Kafka is a distributed system. This is done by copying the broker and turning it into a leader and follower system. Write operations are performed on the leader partitions and read operations are performed on the follower partitions.
![[kafka-distributed-producing-1.png]]
The distributed system is performed at the partition level as shown above.
* Benefit of this is that if one broker goes down, we don't loose our entire data.
**How do publishers and subscribers know in which broker to find specific leader or follower partitions for a specific topic ?**
ZooKeeper stores all the information needed to determine in which broker there is a specific leader or follower partition for a specific topic.
![[kafka-distributed-producing-2.png]]
Producers figure out where is the leader partition located for the specific topic that they are about to write to before sending any data. The data is sent after figuring out this information.

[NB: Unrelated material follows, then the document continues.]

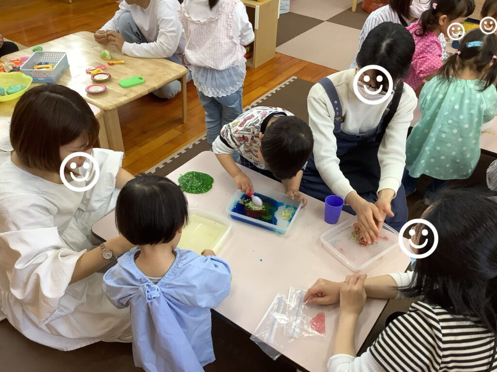 スライムとカラーライスを混ぜてみよ!と実験するお友だち♡

Write operations are usually performed on the leader. The leader then communicates that information to the follower partitions to achieve data synchronization.
![[kafka-distributed-producing-3.png]]
The message sent to leader partition 2 in users topic is replicated to the follower partition 2.
![[kafka-distributed-consumer.png]]
In the example above, the consumer specifies both the topic and partition. Specifying the partition can be avoided by using using consumer groups. Consumers that are placed in a consumer group get assigned partitions by the consumer group.
The ZooKeeper algorithm decides whether the consumer consumes messages from the leader or follower partition 1 for the example above. Since the leader synchronizes its data with followers, it should not matter from which partition (leader, follower) the consumer reads data from.